> **Task details**
Find the line with "Определить влияние творчества" in the records below. Output exactly from there until after the line with "天然消臭アロマミスト(瑞々し", without pictures.

> **Records provided**
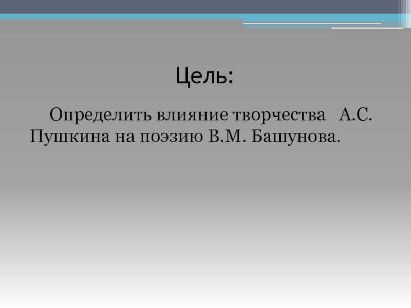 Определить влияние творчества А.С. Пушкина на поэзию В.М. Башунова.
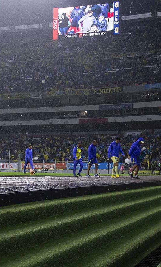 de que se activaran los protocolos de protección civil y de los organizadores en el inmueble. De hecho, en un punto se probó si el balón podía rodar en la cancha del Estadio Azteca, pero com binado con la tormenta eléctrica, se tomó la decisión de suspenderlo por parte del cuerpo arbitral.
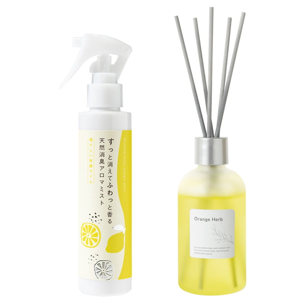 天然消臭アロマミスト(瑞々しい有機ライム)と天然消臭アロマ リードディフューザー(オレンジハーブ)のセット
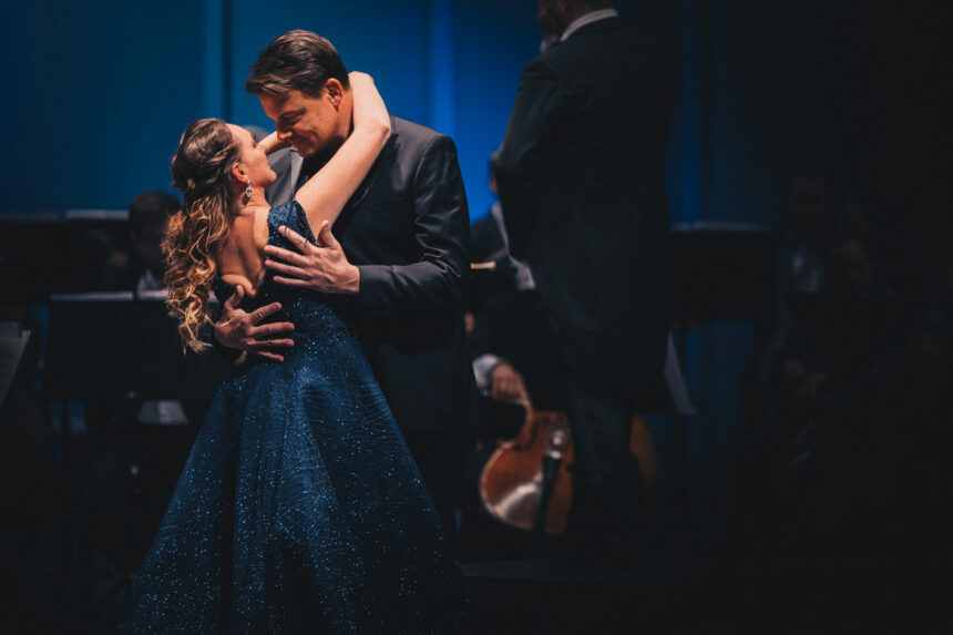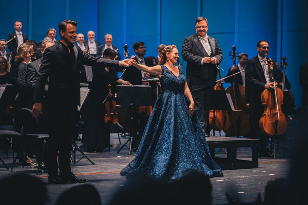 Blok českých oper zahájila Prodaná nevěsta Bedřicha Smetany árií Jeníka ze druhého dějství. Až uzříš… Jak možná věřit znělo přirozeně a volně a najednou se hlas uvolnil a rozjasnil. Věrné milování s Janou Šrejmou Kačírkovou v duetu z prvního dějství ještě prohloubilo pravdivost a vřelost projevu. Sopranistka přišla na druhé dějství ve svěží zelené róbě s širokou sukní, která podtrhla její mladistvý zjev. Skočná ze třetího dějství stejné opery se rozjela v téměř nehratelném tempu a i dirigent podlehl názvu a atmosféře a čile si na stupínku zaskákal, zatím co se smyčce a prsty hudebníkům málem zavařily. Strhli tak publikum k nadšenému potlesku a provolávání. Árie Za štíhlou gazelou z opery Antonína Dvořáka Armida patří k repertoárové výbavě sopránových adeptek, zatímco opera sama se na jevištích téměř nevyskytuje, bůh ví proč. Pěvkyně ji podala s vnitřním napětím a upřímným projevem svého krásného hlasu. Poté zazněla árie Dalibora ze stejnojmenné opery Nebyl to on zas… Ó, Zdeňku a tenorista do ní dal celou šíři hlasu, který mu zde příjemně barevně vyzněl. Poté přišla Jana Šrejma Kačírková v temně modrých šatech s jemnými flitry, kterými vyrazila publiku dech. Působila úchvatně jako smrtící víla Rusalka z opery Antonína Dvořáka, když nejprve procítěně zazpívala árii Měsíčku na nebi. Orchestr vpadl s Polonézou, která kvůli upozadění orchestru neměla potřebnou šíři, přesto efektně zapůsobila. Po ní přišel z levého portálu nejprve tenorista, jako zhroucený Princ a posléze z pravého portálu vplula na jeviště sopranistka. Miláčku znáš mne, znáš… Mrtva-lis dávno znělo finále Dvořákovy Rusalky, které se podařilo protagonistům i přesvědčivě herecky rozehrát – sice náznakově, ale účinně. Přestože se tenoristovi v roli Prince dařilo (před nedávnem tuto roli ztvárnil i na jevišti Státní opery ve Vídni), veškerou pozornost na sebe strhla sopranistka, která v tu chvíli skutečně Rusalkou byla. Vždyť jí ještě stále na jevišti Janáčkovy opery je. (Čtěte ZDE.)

* * *

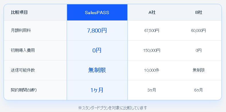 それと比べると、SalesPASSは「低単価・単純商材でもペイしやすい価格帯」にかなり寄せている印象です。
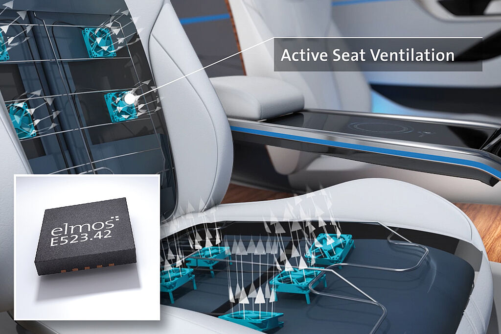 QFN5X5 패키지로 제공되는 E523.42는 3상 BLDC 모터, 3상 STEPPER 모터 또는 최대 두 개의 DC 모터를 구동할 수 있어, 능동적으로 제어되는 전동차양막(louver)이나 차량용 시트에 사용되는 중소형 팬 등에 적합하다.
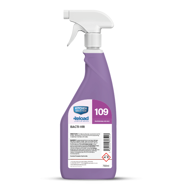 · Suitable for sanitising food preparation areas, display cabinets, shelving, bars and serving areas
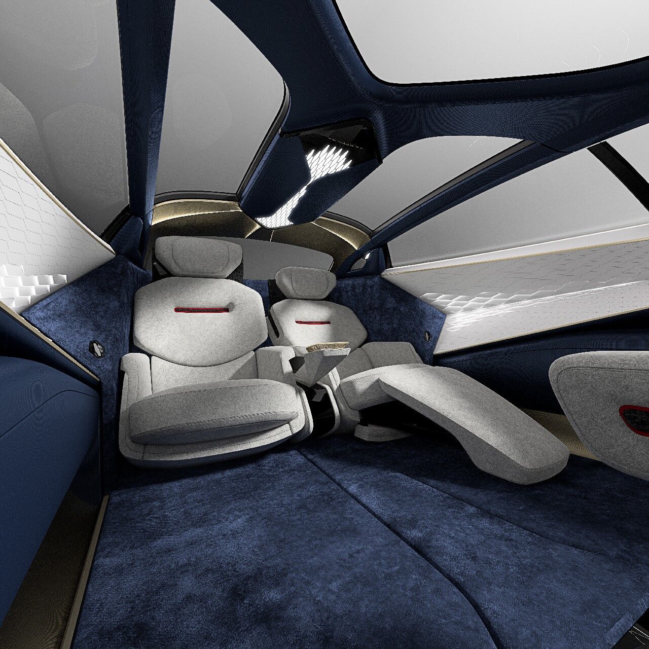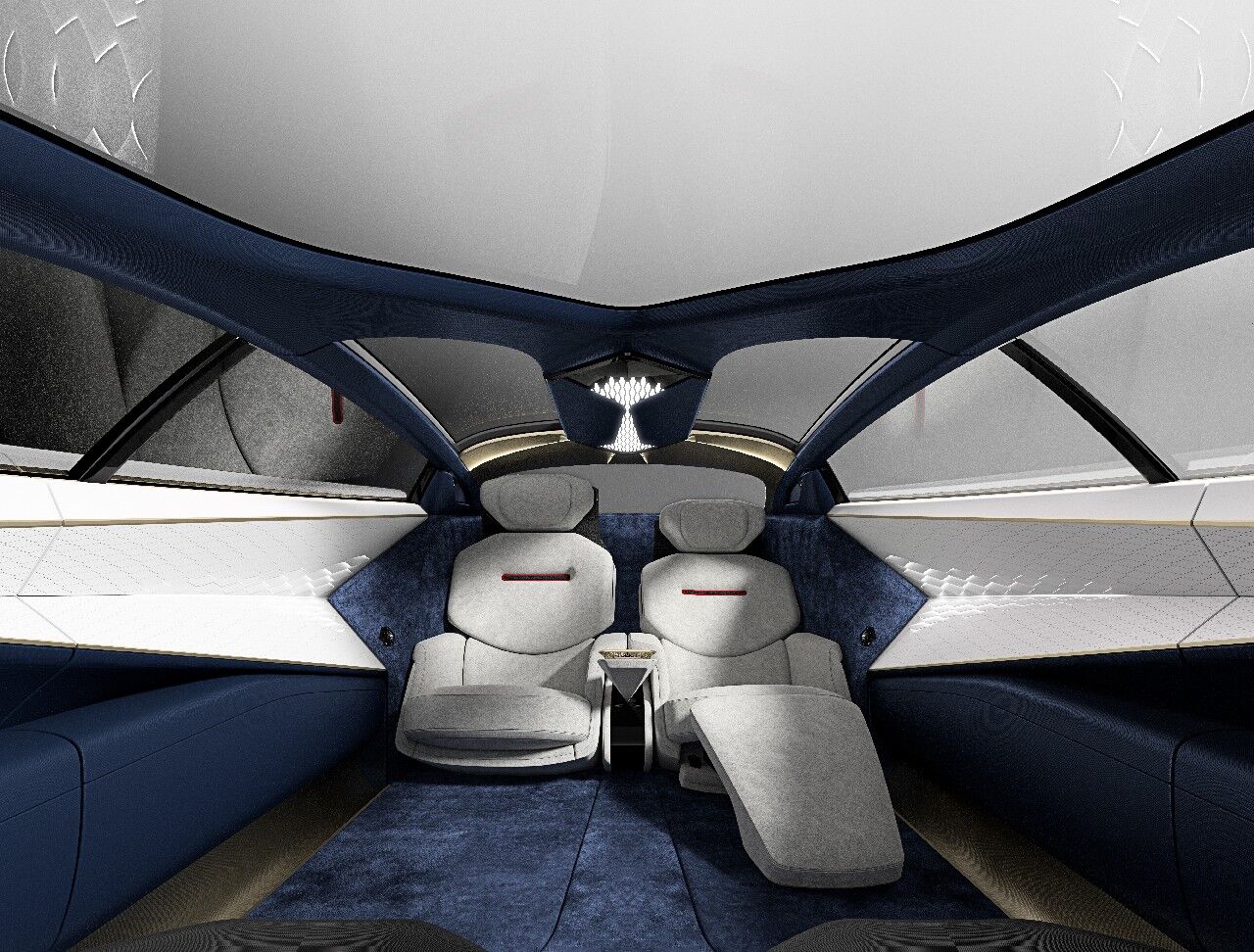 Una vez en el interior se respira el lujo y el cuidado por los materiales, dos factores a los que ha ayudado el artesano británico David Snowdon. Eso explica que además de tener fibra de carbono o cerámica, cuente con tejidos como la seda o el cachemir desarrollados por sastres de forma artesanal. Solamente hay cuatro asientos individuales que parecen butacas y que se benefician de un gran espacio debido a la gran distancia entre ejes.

---

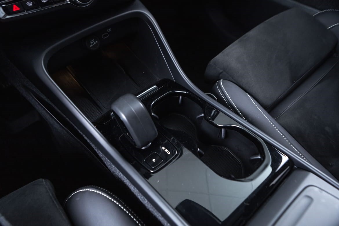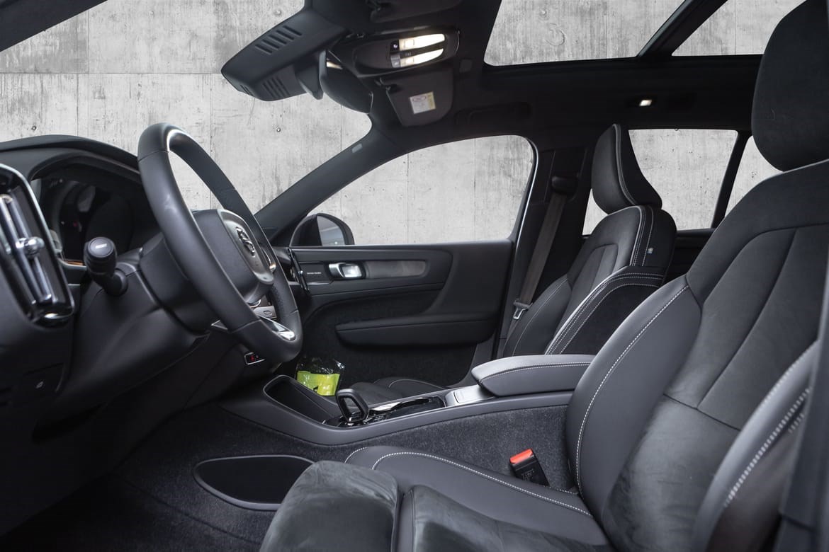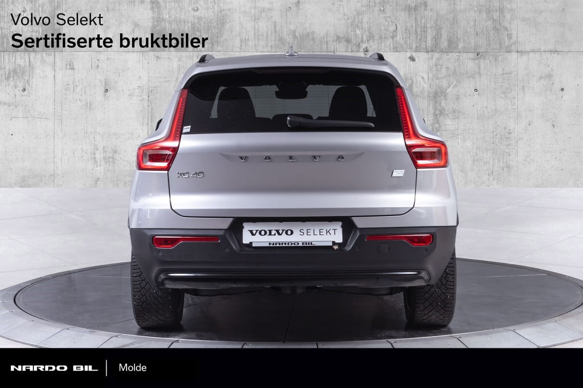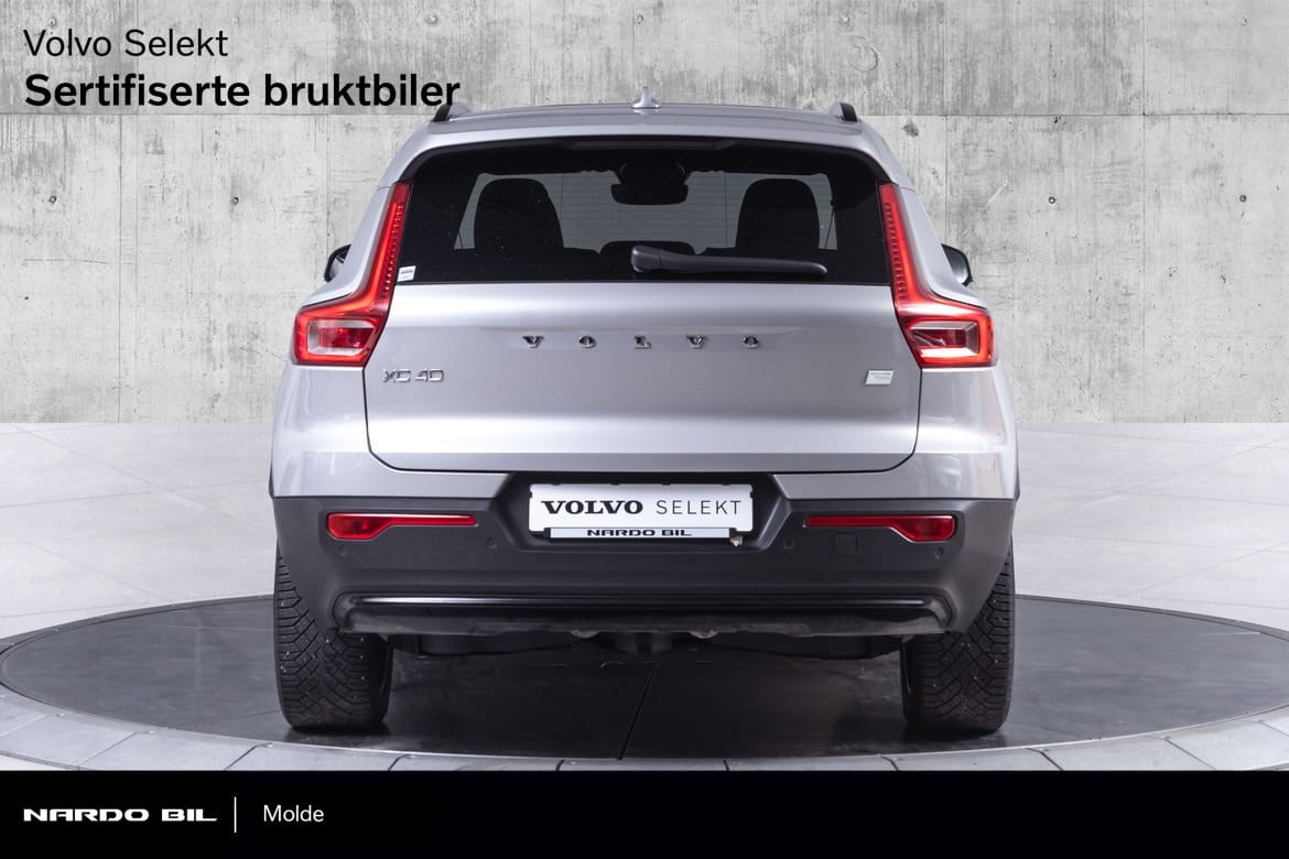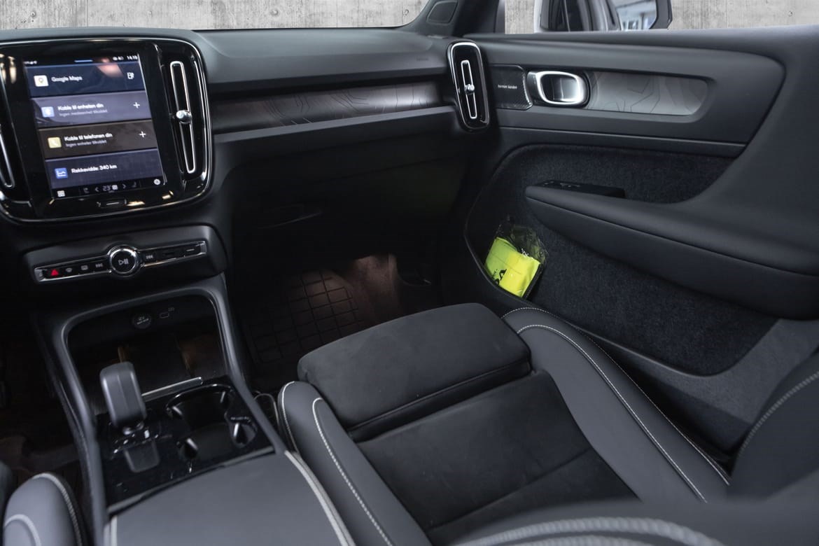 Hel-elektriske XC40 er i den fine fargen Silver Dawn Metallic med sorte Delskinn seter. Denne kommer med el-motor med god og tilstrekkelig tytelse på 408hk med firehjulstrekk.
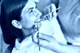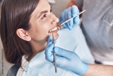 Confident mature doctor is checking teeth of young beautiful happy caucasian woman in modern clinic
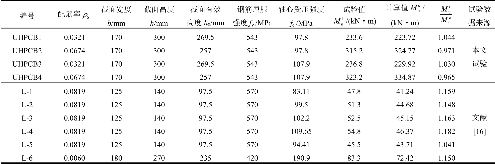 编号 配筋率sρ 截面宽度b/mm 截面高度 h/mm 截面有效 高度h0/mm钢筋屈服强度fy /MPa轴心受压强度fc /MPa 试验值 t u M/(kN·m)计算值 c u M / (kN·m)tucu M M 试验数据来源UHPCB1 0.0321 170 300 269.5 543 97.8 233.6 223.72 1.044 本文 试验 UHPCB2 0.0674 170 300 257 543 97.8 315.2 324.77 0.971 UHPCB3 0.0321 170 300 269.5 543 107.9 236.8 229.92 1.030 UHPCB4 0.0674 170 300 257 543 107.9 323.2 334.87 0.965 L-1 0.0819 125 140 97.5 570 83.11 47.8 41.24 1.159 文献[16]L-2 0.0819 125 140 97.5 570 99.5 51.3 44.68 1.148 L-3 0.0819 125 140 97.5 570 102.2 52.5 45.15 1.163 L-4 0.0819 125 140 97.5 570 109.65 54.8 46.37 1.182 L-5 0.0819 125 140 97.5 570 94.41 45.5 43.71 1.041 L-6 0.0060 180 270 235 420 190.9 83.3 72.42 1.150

> **Written solution**
 Определить влияние творчества А.С. Пушкина на поэзию В.М. Башунова.
 de que se activaran los protocolos de protección civil y de los organizadores en el inmueble. De hecho, en un punto se probó si el balón podía rodar en la cancha del Estadio Azteca, pero com binado con la tormenta eléctrica, se tomó la decisión de suspenderlo por parte del cuerpo arbitral.
 天然消臭アロマミスト(瑞々しい有機ライム)と天然消臭アロマ リードディフューザー(オレンジハーブ)のセット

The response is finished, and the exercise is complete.